Podsunął jej talerz z jedzeniem.
- Lubię ją, ale to ani moja krewna, ani narzeczona - dodał. - Może robić, co chce.
- O, właśnie! A masz narzeczoną? - Iris przelotnie się uśmiechnęła.
- Jak do mej fortuny dołożę te parę funtów od Blooma, to pomyślę o przejściu na emeryturę... i o ewentualnej narzeczonej. - Również się uśmiechnął.
- A ty masz jakąś fortunę?? No i aż taki stary nie jesteś, żeby pierniczyć o emeryturach? - Detektyw zaczęła urywać kawałki jednej z ostatnich bułek, i tak ją zjadać.

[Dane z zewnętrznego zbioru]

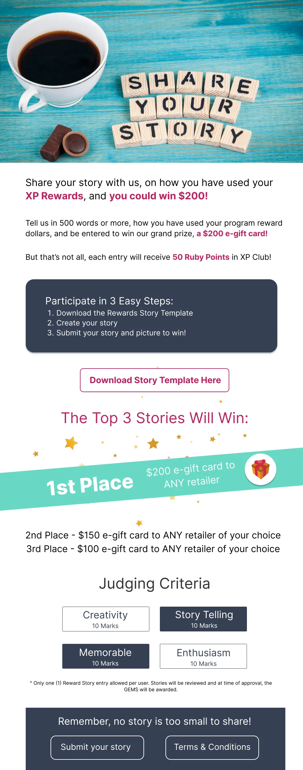 Reps can submit a story on how they use their points and the best one will win $200 and extra points! There are 3 places and subsequent prices given to 2nd and 3rd.

- Zależy od punktu widzenia - powiedział. - Przez parę lat nic-nie-robienia z głodu bym nie umarł, a i kawałek trzcinowego dachu na Tahiti by się znalazł. A emerytura... to by raczej nie było wylegiwanie się na plaży w otoczeniu półnagich panienek, ale robienie czegoś dla siebie, nie dla innych.
- A coś ty wcześniej robił, żeś się tak niby dorobił? - Zaciekawiła się Iris - Czyżbym wybrała złą fuchę?
- Jak się człowiek włóczy po miejscach, gdzie można znaleźć złoto, diamenty czy wartościowe przedmioty, to czasami można się schylić i coś podnieść, a nie wracać do domu z pustymi kieszeniami - wyjaśnił. - No i warto mieć trochę szczęścia.
- Czyli jednak wybrałam złą fuchę… - Parsknęła detektyw - Złoto, diamenty? I ty serio nie masz narzeczonej? - Dodała, i już się poważniej roześmiała.
- Raczej jak marynarz z piosenki - w każdym porcie ma inną. - Uśmiechnął się. - A tak na powaznie, to nie miałem czasu rozglądać się za poważnymi związkami. Poza tym... co to za idea, mieć kogoś na drugim końcu świata?
- Ty chyba nie wyglądasz na kogoś, kto by się był w stanie, na stałe ustatkować… - Iris spojrzała na Daniela lekko mrużąc oczy.
- Kiedyś z pewnością się ustatkuję - zapewnił. - No chyba że mówiąc "ustatkować się" masz na myśli coś w stylu pracy za biurkiem. - Uśmiechnął się. - A jak na razie... jakoś się nie złożyło i tyle. A ty?
- Rozwódka - Powiedziała krótko detektyw, i znowu się napiła alkoholu, na moment nie patrząc na rozmówcę, a gdzieś na porośnięty dżunglą, mijany brzeg…
- I co? Planujesz to kiedyś zmienić, czy wolisz wolność i swobodę? - spytał po chwili milczenia.
- Lata mi się kończą, a starą panną nie wypada zostać… z drugiej zaś strony, jakoś tego nie widzę, już raz się "sparzyłam"... ale koniec tego zanudzania! Słyszysz muzykę? Kapitan się chyba w swojej kabinie bawi, ciekawe z kim…
- Chcesz się podkraść. podsłuchać i sprawdzić? - spojrzał na nią z zainteresowaniem. A ona na niego z niedowierzaniem.
- Chcę zatańczyć - Powiedziała Iris, wstając z miejsca.
- Chodźmy więc. - Również się podniósł. - Zatańczymy.